Input records:
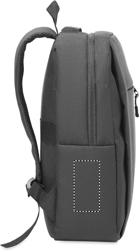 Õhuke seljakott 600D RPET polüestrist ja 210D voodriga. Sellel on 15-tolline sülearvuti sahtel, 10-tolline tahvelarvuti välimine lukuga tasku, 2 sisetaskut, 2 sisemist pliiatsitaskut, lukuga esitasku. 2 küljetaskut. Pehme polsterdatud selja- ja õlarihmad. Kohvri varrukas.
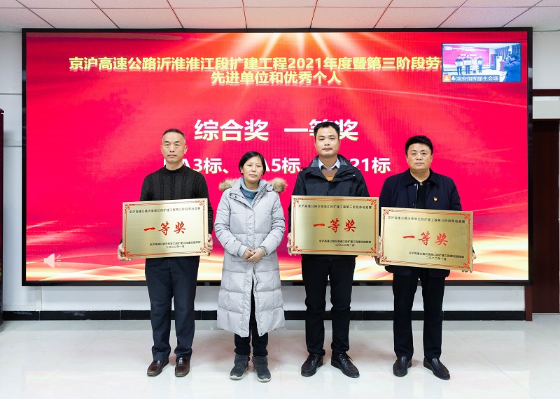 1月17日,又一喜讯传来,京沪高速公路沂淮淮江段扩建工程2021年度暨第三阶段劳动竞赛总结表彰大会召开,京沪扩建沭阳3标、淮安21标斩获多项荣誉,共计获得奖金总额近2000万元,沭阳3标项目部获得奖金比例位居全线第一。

--

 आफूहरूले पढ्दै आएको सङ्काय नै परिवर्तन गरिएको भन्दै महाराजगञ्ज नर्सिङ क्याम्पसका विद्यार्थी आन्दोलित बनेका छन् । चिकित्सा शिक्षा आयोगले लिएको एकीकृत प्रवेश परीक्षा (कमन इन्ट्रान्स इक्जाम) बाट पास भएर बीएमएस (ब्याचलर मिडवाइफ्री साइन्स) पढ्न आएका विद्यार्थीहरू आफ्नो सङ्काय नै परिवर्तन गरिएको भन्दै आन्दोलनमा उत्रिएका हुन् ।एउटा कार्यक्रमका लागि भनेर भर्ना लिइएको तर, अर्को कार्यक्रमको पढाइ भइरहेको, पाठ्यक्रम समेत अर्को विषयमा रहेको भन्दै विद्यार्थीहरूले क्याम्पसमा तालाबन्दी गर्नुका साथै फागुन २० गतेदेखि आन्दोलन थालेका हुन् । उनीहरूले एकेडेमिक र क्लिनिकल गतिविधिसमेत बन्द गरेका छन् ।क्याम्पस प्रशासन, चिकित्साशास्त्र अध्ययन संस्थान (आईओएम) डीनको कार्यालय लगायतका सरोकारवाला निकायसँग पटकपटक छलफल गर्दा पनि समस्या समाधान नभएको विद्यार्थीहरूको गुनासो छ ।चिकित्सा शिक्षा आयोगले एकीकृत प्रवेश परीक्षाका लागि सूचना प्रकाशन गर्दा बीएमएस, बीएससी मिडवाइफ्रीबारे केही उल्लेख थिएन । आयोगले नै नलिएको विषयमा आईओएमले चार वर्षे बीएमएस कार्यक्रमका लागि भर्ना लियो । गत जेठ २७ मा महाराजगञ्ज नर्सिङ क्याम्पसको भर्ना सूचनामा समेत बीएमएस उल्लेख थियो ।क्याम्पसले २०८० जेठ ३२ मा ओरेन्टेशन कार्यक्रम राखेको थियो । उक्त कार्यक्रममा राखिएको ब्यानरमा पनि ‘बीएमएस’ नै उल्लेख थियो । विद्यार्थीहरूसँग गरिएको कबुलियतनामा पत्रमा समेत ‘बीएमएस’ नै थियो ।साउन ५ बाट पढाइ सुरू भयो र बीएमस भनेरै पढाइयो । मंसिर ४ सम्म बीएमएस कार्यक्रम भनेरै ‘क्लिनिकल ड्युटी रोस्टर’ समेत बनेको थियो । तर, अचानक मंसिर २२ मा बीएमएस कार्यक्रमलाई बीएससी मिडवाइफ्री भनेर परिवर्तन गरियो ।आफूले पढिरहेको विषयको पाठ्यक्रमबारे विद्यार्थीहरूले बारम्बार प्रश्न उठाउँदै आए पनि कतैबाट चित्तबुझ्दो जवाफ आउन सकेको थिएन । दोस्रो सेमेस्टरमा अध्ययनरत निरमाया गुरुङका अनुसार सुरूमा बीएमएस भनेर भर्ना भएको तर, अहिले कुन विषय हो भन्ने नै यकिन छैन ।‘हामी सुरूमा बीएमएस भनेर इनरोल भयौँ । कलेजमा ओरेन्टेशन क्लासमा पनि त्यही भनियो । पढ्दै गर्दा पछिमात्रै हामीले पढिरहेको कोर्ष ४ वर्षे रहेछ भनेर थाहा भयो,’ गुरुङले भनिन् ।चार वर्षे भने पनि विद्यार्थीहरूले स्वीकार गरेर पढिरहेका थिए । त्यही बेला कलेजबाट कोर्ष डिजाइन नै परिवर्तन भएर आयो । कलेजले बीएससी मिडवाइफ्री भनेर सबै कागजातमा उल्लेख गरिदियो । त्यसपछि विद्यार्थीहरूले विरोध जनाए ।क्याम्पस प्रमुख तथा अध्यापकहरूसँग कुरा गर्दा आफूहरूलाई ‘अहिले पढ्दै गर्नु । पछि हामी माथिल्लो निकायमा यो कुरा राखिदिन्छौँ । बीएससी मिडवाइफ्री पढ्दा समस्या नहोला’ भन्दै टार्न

Work required:
Reproduce the listing above exactly from the line containing "Õhuke seljakott 600D" up to and including the line containing "1月17日,又一喜讯传来,京", omitting any images and everything outside those lines.

Answer below:
 Õhuke seljakott 600D RPET polüestrist ja 210D voodriga. Sellel on 15-tolline sülearvuti sahtel, 10-tolline tahvelarvuti välimine lukuga tasku, 2 sisetaskut, 2 sisemist pliiatsitaskut, lukuga esitasku. 2 küljetaskut. Pehme polsterdatud selja- ja õlarihmad. Kohvri varrukas.
 1月17日,又一喜讯传来,京沪高速公路沂淮淮江段扩建工程2021年度暨第三阶段劳动竞赛总结表彰大会召开,京沪扩建沭阳3标、淮安21标斩获多项荣誉,共计获得奖金总额近2000万元,沭阳3标项目部获得奖金比例位居全线第一。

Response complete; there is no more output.